Bar-Yam noted that even though China began taking aggressive control measures when there were fewer than 1,000 officially-reported cases in the country, by the time the outbreak was under control, the number of cases had topped 80,000.

As of Wednesday morning, The New York Times’ database indicated nearly 6,000 coronavirus cases in the United States, but Bennet and other experts have said that number is likely a severe underestimate due to inadequate testing. Unfortunately, this suggests that if the U.S. took immediate and radical nationwide action—as we saw the Bay Area do yesterday, when officials ordered nearly 7 million people to go into a near-lockdown—the scale of our outbreak would still likely be considerably worse than China’s.

“I would definitely say we are on the exponential part of the curve,” Bennett told Motherboard. “The power function of that exponential increase I would say is still uncertain, and certainly hampered in its estimation by the fact that we have a mess going on with under-testing.”

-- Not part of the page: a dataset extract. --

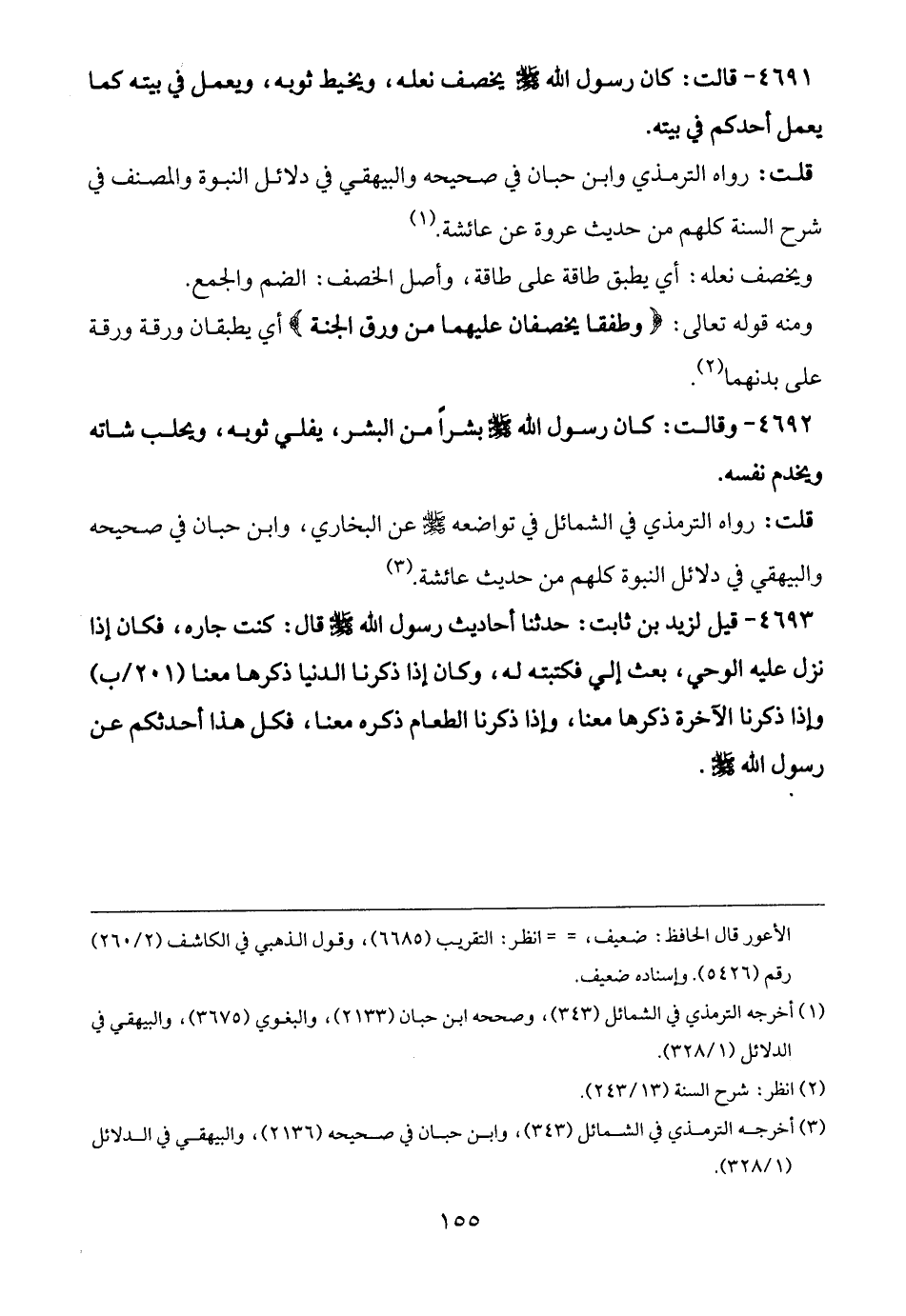 4691 - قالت: كان رسول الله - صلى الله عليه وسلم - يخصف نعله، ويخيط ثوبه، ويعمل في بيته كما يعمل أحدكم في بيته.

Complex systems also have tipping points that cause them to go through “phase changes,” as Danny Buerkli, the co-founder of Swiss government innovation lab Staatslabor, noted in a recent blog post on how this branch of math is relevant to coronavirus. In this case, a tipping point might be when hospitals run out of beds or critical equipment, forcing the entire healthcare system to go into triage mode.

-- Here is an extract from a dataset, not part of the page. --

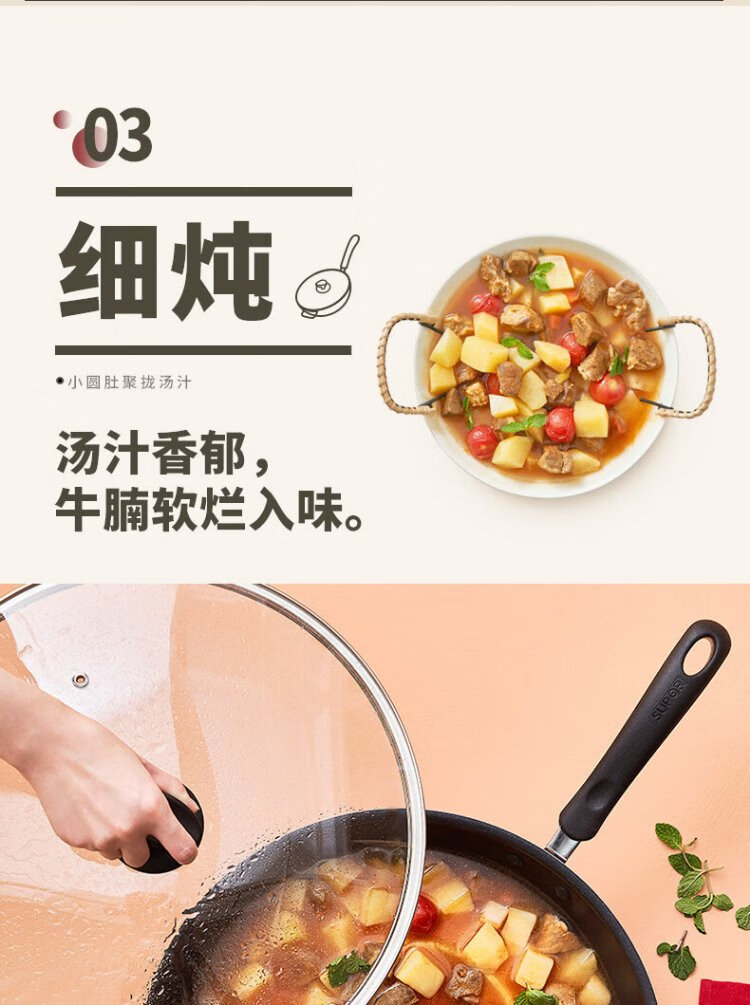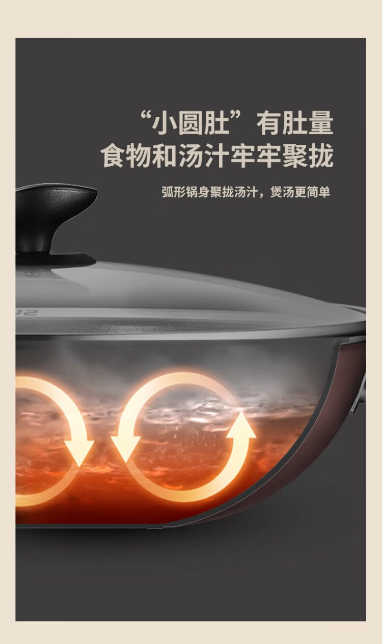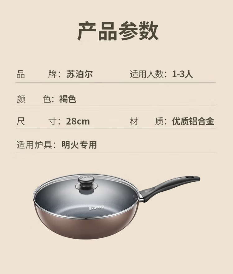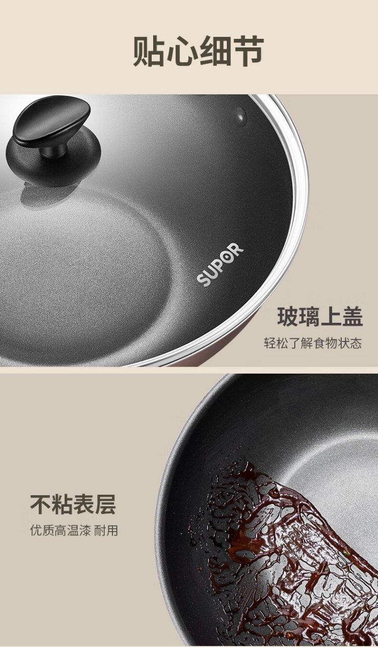 SUPOR wok, easy-to-clean non-stick wok, less oily smoke 28cm open flame gas wok EJ28RP16

“We’ve seen the [health care system] overload happening in China, Italy, possibly elsewhere,” Buerkli told Motherboard. “It’s misleading to think that just because everything is OK now it will be in the future."

In the U.S., we (hopefully) still have time to prevent COVID-19 from crossing a dangerous tipping point where the healthcare system is overwhelmed. But the clock is ticking. Bennett noted the importance of rolling out more widespread testing immediately; Bar-Yam, meanwhile, emphasizes the role of personal behavior and individual responsibility through aggressive social distancing, practicing good hygiene, and self-isolating at the first sign of symptoms. Businesses also have a key role to play by telling their employees work from home or providing paid time off (a challenge many companies aren’t exactly living up to).

All of these measures, Bar-Yam says, will help to weaken the contagion network and steer us onto a new, far less terrifying trajectory.

“In our current context, the network is connected everywhere and gets transited very rapidly,” he said. “But it’s possible by changing how people behave to radically prune that network."